Dealership chronology
|  | Secret American Livingroom (1998) | TV Highway to the Stars (2001) |

= Secret American Livingroom =

Secret American Livingroom is the first album by the indie pop/rock band Dealership. The album was self-released by the band in 1998.

The project began as a two-song single, but it soon expanded into an eight-song EP.
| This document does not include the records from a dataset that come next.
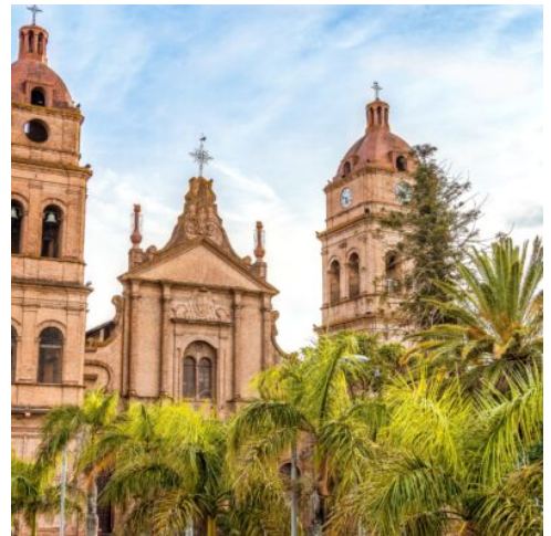
Kathedrale San Lorenzo in Santa Cruz

Nach dem Frühstück geht es zum Flughafen für den Flug nach Sucre. Dort tauchen Sie in die Geschichte Sucres ein. Die erste Station ist die Casa de la Libertad, das „Haus der Freiheit“, wo 1825 die Unabhängigkeitserklärung Boliviens unterzeichnet wurde. Dieses historische Gebäude gibt faszinierende Einblicke in die Erhebung Boliviens zur unabhängigen Nation. Im Anschluss besuchen Sie den Parque Bolívar, der für seine Nachbildungen des Eiffelturms und des Triumphbogens bekannt ist und einen Hauch europäischer Aristokratie inmitten der bolivianischen Hauptstadt vermittelt. Weiter geht es zur Kirche und dem Museum La Recoleta, einem bedeutenden kolonialen Bauwerk, und schließlich entdecken Sie das ASUR-Museum, das die textile Kunst der Ureinwohner Boliviens präsentiert. (F)
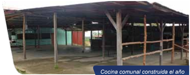
Cocina comunal construida el año anterior.

Esta actividad, además de buenos amigos y mucha diversión, dio como resultado una ganancia de ₡4.600.000 (cuatro millones seiscientos mil colones) que contribuyen al desarrollo de proyectos comunales. En años anteriores los recursos se invirtieron para habilitar una cocina comunal y levantar un galerón para sus actividades; este año, la meta es unir estos fondos junto a otros para hacer realidad el sueño de tener un redondel en el año 2013.
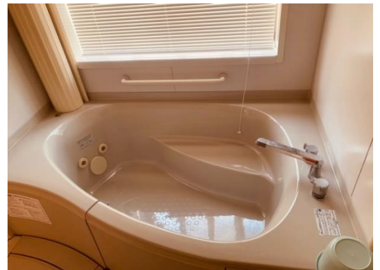
ジェットバス付の浴槽
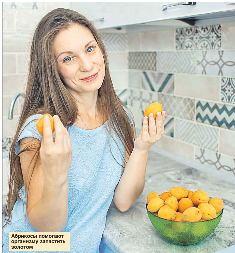
Абрикосы помогают организму запастись золотом

Супы в жару не запрещены. Но горячие первые блюда логично заменить холодным свекольником или окрошкой.
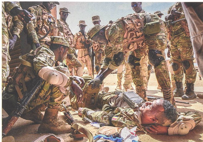
Taktische Wundversorgung im Training, Soldaten aus dem Tschad und Senegal.

hilfe nicht gelöst werden können. Derzeit könne man nur noch dem Beispiel des AFRICOM folgen und die Aggressoren aktiv eindämmen. Dies versucht Frankreich, welches weitere 600 Soldaten in die Region entsendete und damit seine bereits vorhandenen 5100 Kämpfer verstärkt. Bis Ende Sommer sollen weitere 400 Spezialkräfte aus verschiedenen Euro-Ländern im Rahmen von EU-Ausbildungsmissionen eintreffen und die lokalen Streitkräfte für den Kampf gegen Al Qaida, den IS sowie Boko Haram fit machen. Zusammen mit den etwas über 5000 US-Soldaten eine stattliche Anzahl, aber viel zu wenig
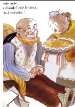
elle cuit, « chaude ! » crie le vieux. « se à refroidir ! »
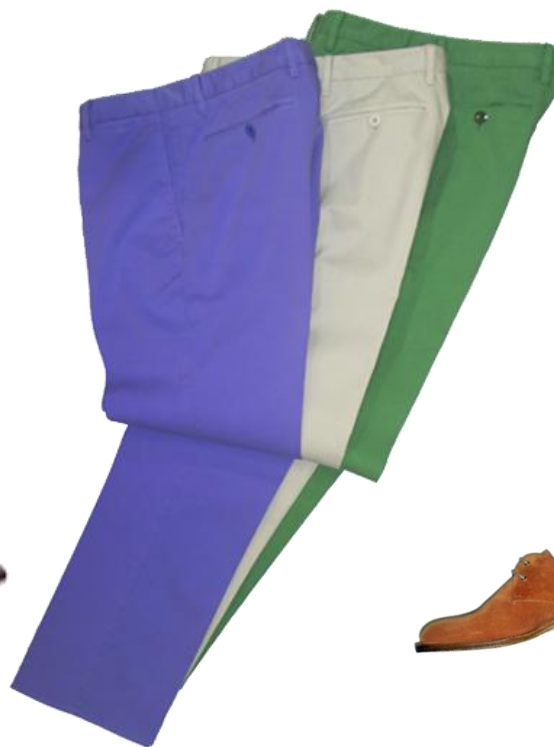
Cotton-Pants ¥28,400 CO 97% EL 3%

After the album's release, it remained in the KALX Top 35 for eight weeks.

Professional ratings
Review scores
| Source | Rating |
| babysue | (5/6) |
| In Music We Trust | (A) |
| Splendid E-zine | (positive) |

==Track listing==
All songs written by Dealership.
1. "Jungle Gym" – 3:26
2. "My Box" – 2:41
3. "Nerdy Girl" – 3:00
4. "Fallout" – 2:50
5. "Perfectly Happy" – 4:05
6. "Montserrat" – 2:21
7. "You're Dumb" – 5:01
8. "Green" – 4:21

==Personnel==
===Dealership===
- Chris Groves - vocals, bass guitar
- Miyuki Jane Pinckard - guitar, vocals
- Chris Wetherell - drums, vocals

===Production===
Secret American Livingroom was produced by Dealership, recorded and mixed at Locomoto Productions by Guy Higbey. The album was mastered at Olde West by Guy Slater. Album design was by Dealership with photography by Eric Schulz and Liisa Pera.